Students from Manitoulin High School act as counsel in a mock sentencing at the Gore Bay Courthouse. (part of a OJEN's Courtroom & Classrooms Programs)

********************

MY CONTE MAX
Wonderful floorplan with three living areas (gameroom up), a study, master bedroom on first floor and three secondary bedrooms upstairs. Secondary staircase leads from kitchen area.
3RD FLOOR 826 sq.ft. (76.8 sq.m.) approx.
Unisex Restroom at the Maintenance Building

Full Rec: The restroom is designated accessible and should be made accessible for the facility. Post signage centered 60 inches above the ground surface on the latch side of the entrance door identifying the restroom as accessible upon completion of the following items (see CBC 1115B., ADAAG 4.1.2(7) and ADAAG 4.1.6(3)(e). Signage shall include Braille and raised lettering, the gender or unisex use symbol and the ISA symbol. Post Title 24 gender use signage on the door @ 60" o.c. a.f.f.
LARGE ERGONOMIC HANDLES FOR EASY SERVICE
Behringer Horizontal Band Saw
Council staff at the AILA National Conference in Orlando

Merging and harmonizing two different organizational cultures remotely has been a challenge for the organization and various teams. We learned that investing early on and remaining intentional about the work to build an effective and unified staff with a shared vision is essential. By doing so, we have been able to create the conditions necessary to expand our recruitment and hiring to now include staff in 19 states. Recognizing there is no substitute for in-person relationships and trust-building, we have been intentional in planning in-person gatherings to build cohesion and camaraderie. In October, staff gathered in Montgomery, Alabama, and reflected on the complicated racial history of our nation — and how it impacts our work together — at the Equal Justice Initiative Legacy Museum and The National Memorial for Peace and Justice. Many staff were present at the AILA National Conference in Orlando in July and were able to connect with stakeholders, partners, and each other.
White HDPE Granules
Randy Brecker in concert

********************

### TASK BRIEF
Your answer must consist solely of the lines above between the line holding "LARGE ERGONOMIC HANDLES FOR EASY SERVICE" and the line holding "Randy Brecker in concert", inclusive, copied exactly.

### FINAL ANSWER
LARGE ERGONOMIC HANDLES FOR EASY SERVICE
Behringer Horizontal Band Saw
Council staff at the AILA National Conference in Orlando

Merging and harmonizing two different organizational cultures remotely has been a challenge for the organization and various teams. We learned that investing early on and remaining intentional about the work to build an effective and unified staff with a shared vision is essential. By doing so, we have been able to create the conditions necessary to expand our recruitment and hiring to now include staff in 19 states. Recognizing there is no substitute for in-person relationships and trust-building, we have been intentional in planning in-person gatherings to build cohesion and camaraderie. In October, staff gathered in Montgomery, Alabama, and reflected on the complicated racial history of our nation — and how it impacts our work together — at the Equal Justice Initiative Legacy Museum and The National Memorial for Peace and Justice. Many staff were present at the AILA National Conference in Orlando in July and were able to connect with stakeholders, partners, and each other.
White HDPE Granules
Randy Brecker in concert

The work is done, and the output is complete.